As the responder, you can select one of the responses provided, and GitLab adds a comment for you.
Why
There are a lot of communications at GitLab. Often times, there is not clear expectation of what is required by someone responding to a message. Sometimes people ask for a specific question and expect a response. Sometimes they just cc
. Sometimes they fyi
. Sometimes they just at mention with no context at all.
I think in most cases, it should fall on the initiator of the conversation to drive the conversation and provide context and be intentional in what information they want. This is "pull-based" model of conversation and I think is what makes GitLab as a company successful. We have so many initiatives going on, it's hard to expect everyone to participate in everything. So we should trust the people who are leading the initiatives to make the best decisions, and thus, drive the conversation. A feature like this precisely encourages this behavior, because it makes it a lot easier for an initiator to describe what they want. Furthermore, the responder may only have to just simply click a response (instead of typing), which further makes it easier and less friction for everyone to contribute.
This feature will not discourage collaboration and contribution. At GitLab, there are a few ways to leverage your communications (and move things along). Roughly, these include:
- Your manager pings you for something. So you should respond.
- A co-worker that is part of your "regular team" and pings you for something, and their work directly is blocked by you. You should unblock them because since they are part of your "regular team", their work is very likely related to your work.
- A co-worker that is not part of your "regular team" pings you, and it's a nonblocking initiative. You may not respond.

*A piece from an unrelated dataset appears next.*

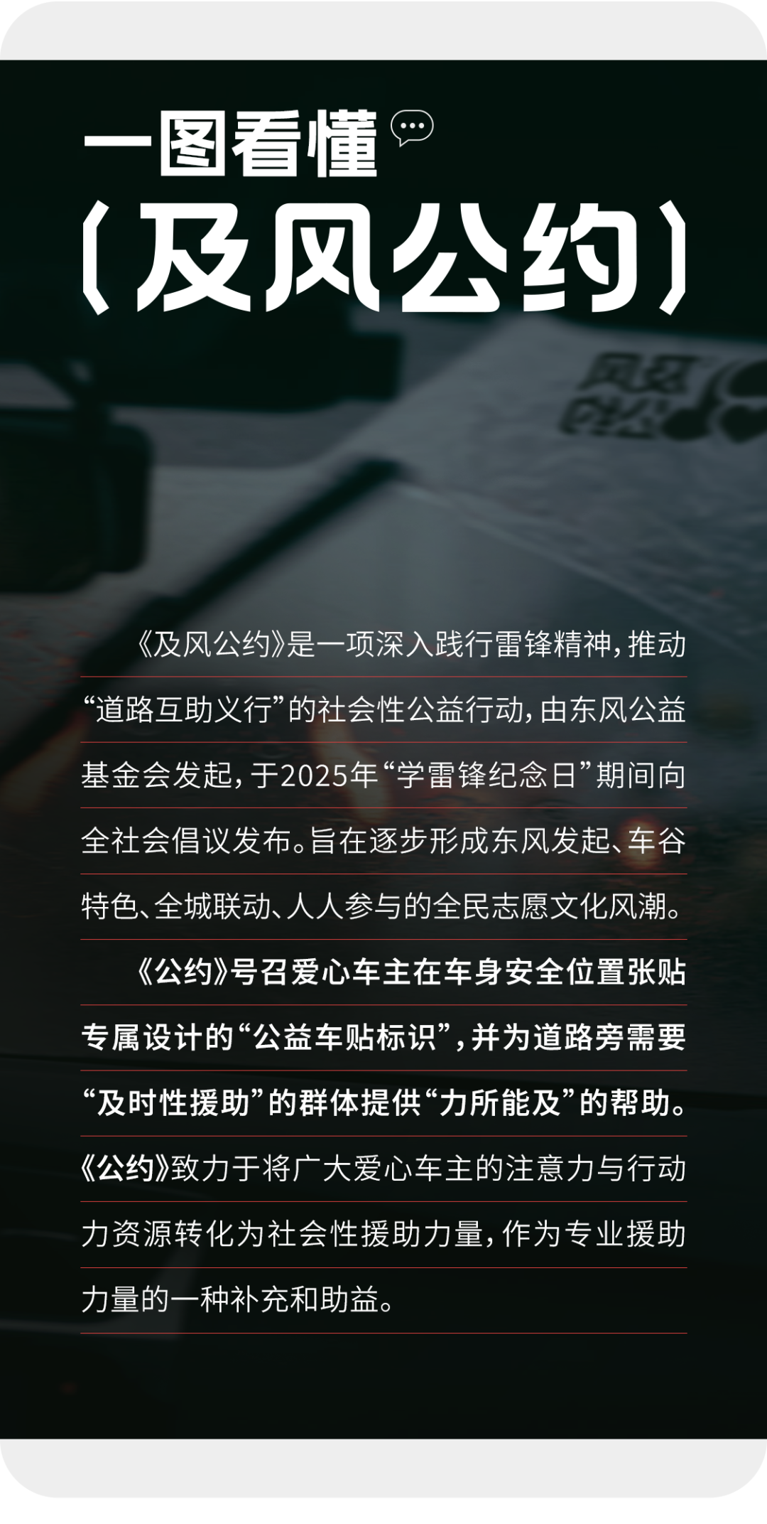 今天,我們以車輪為筆,重新書寫新時(shí)代的雷鋒日記。當(dāng)千萬車主的點(diǎn)滴善意匯成江河,這股東風(fēng)必將升騰而起,讓“及風(fēng)行動(dòng)”成為新時(shí)代向上向善的生動(dòng)注腳!

In the first case, you are likely to respond, and so this proposed feature is less useful because you are already incented to respond. The quick response UI would be helpful however. The latter two cases are helpful because they reduce the friction of responding and help the initiator frame the discussion and set up structured collaboration. In the last case, the initiator of the conversation really needs to leverage "excitement" to get the responder to engage. At GitLab, this has been very successful to get parties across departments collaborating on initiatives that are not part of their job description. But because they are personally passionate about something, they add value. This is great. A passionate individual would continue to use existing mechanisms of GitLab to communicate, so this feature is not for them specifically, but it would not block them!
Opportunity
Typical messaging technologies and designs in business apps have learned a lot from consumer apps over the years. This is an interesting problem space because we are focused specifically on a business communications problem. I think this would be really interesting to explore and see how it differentiates from the consumer space more broadly.